I don't like insulated circle-jerk groups that bathe in group-think and march in lock-step.
I don't think Democratic Underground fits that label. But I think it most certainly will if certain people are allowed to scream "troll!" and "flame bait!" every time someone asks a difficult question that challenges the prevailing dogma.
Not that there aren't "trolls" and "flame bait" posters here. But every community has those. I feel like the more we define the scope of our discussion and debate by the threat of "trolls" and the more we gravitate towards lock-step thinking and "orthodoxy" rather than free-thought the more we lose out.

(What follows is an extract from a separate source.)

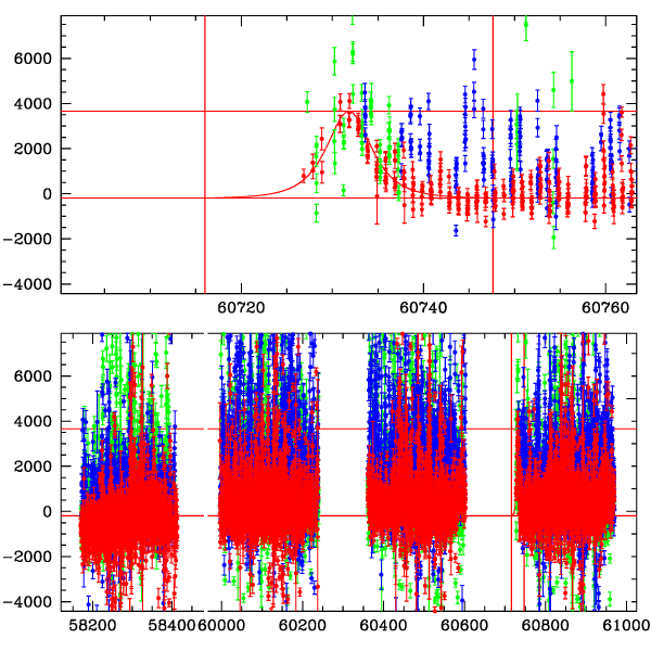 ● CTIO ● SAAO ● SSO ● Largest local dchi2 value (same as site of EVENT name) ● Local dchi2 is less than 0.05 times global dchi2 KMTA43_I.diapl KMTC43_I.diapl KMTS43_I.diapl gzipped tar file for all DIA data | |

I think questions in my mind and I don't feel afraid to ask them here. I've had my mind changed many times as well. My concerns about the presentation of information in SICKO? Remember that thread? YOU, the community, totally turned me around on that one. Lots of good points were made by reasonable people, even though I had to sift through all the asshole dick head comments to get to people willing to have a discussion.

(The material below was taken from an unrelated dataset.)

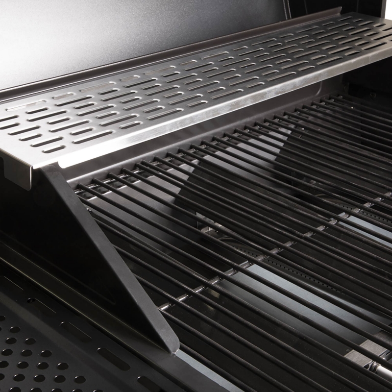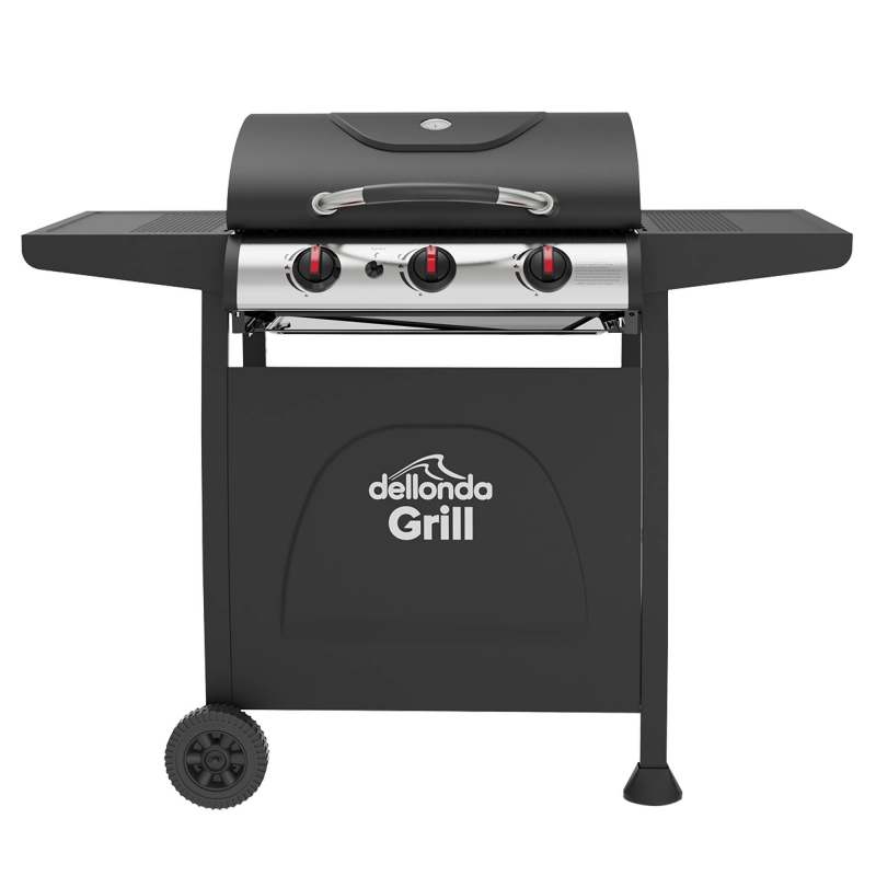Gas BBQ with three stainless steel burners. Built-in thermometer enables you to easily keep track of your cooking temperature. Piezo ignition ensures a safe and easy start-up every time. High quality steel cooking grates with a gloss enamel coating. Features two side shelves giving extra room for preparation. Warming rack frees up space on the grill whilst keeping your food warm after cooking. Supplied with regulator and hose assembly for use with propane patio gas bottles. Features two 6″ polyurethane wheels for easy manoeuvrability. Product Size (W x D x H): 1220 x 570 x 980mm. Some simple assembly is required.

It's a shame that I had to weed through all that shit just to get to civil debate. But I also understand that many times this community kind of feels "under siege." Hell the whole country and the fabric of our democracy seems under siege. I get that can make people tend to become a little insular.
But that doesn't change the fact that I believe DU will become a waste of space unless its members find a way to work past heir hyper-obsessiveness with who is a "troll" and who isn't and continue to be willing to engage people who claim to have honest questions with honest, sophisticated, mature, intelligent discourse.
I ask the questions I have. No more, no less.